Cristo permanece como pedra angular (Efésios 2,20), aquele que sustenta toda a construção. Ele é o único fundamento (1 Coríntios 3,11), diante do qual todas as falsas seguranças desmoronam. E nós, chamados a nos aproximar dele, tornamo-nos pedras vivas (1 Pedro 2,4-5), não para erguer muros de exclusão, mas para construir uma casa espiritual aberta, onde a dignidade humana seja reconhecida e a vida seja defendida. Essa construção não é estática, é dinâmica, feita de relações, de justiça, de misericórdia. Hebreus 13,12-13 nos convida a sair para fora do acampamento, a abandonar os espaços de conforto e privilégio, para encontrar o Cristo que sofre à margem. Esse movimento é exigente. Ele implica ruptura com lógicas de poder, com alianças que negam o Evangelho, com uma religiosidade que se fecha em si mesma. Filipenses 3,20 recorda que nossa cidadania está nos céus, mas essa cidadania não nos aliena da história; ao contrário, nos compromete ainda mais com a transformação do mundo segundo o coração de Deus.

A fidelidade ao Senhor exige atravessar. Não há discipulado sem êxodo. Isaías 43,1-2 nos lembra que Deus caminha conosco nas águas e nos rios, mas não nos dispensa da travessia. É preciso deixar o medo que paralisa, a autodefesa que endurece, a ilusão de controle que impede a confiança. Caminhar na verdade, como em 3 João 1,4, é permitir que a vida seja continuamente iluminada pela Palavra, mesmo quando isso exige conversão. Viver o amor, como em João 13,34-35, é assumir a forma concreta do Evangelho, que se traduz em serviço, acolhida e compromisso com os que sofrem. Neste ponto, a contemplação se aprofunda. As pedras continuam nas mãos da humanidade. Podem ser lançadas ou depositadas. Podem ferir ou lembrar. O coração humano oscila entre o fechamento e a abertura, entre o medo e a confiança, entre a rejeição e a fé. O drama de João 10 não terminou.
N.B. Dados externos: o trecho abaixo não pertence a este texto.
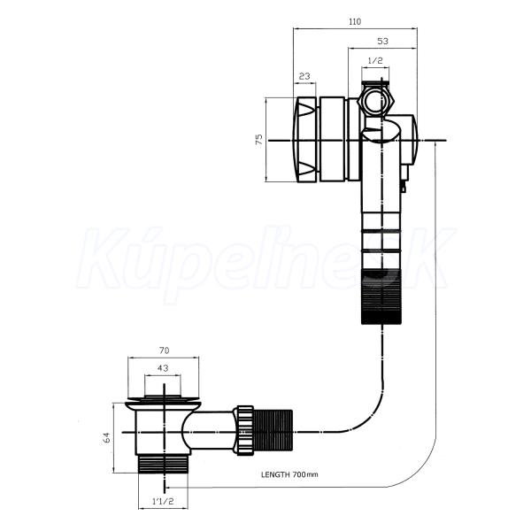 Bruckner Vaňová súprava s napuštěním, bovden, dĺžka 700mm, zátka 72mm, chróm
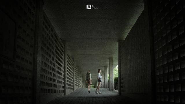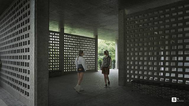 博物馆前的砖廊做的非常干净,外观承袭苏式的园林长廊,但风格和材质却又略不同于苏州园林的精致温婉,显得十分粗犷大气。
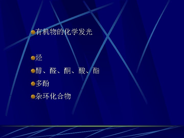 1, 2 -二氧杂环丁烷类 • Alkaline phosphatase (ALP) dephosphorylates AMPPD (1, 2 -二氧杂环丁烷类) to form a dioxetane anion, which fragments into adamantanone (金刚烷酮)and the excited state of methyl meta-oxybenzoate anion (间氧苯甲酸甲酯阴离子), the light emitter. • The detect limit of ALP is 10 -21 mol/L. • The derivatives of AMPPD are superior than the parent compound to the lighting rates and signal intensities.
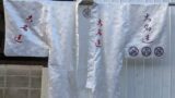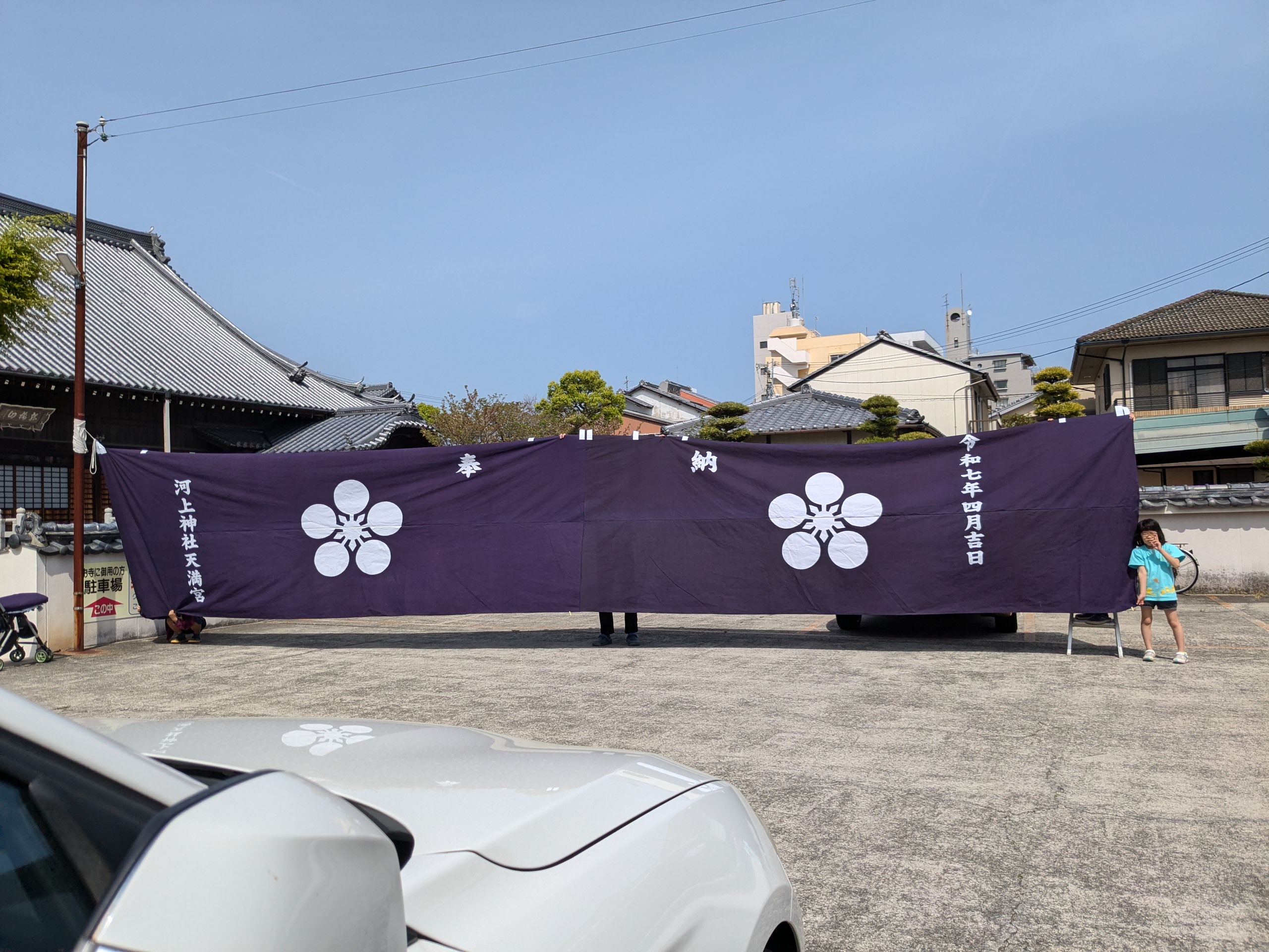 淡路 幕のご依頼いただきました。 未分類 2025.05.01 洲本市五色町鮎原の河上神社様の本殿前の神社幕作成させて頂きました。 約10年前に染めて、10年間出しっぱなし雨ざらし日ざらしで今回新調になりました。 この幕は本殿の入り口の保護のためにも吊っているとの事でした。 幕が有るのとなので本殿の傷み方が違うと宮司様から。 寸法は全く同じで、年号のみ変更しました。 焼けにくい顔料引き染です。 毎度有難うございます。

Ele se prolonga na história, nas escolhas cotidianas, nas estruturas que sustentamos ou transformamos.

Mas o Reino continua a nascer. Não como imposição, mas como semente. Não como domínio, mas como presença. Entre Jerusalém e o Jordão, entre o centro e a margem, entre o poder e a vida, Deus continua agindo. E aqueles que escutam a voz do Pastor, que se deixam conduzir pela verdade, tornam-se sinais dessa nova realidade. A travessia permanece aberta. O convite permanece vivo. E a fidelidade ao Senhor continua sendo o caminho pelo qual a história pode ser transfigurada.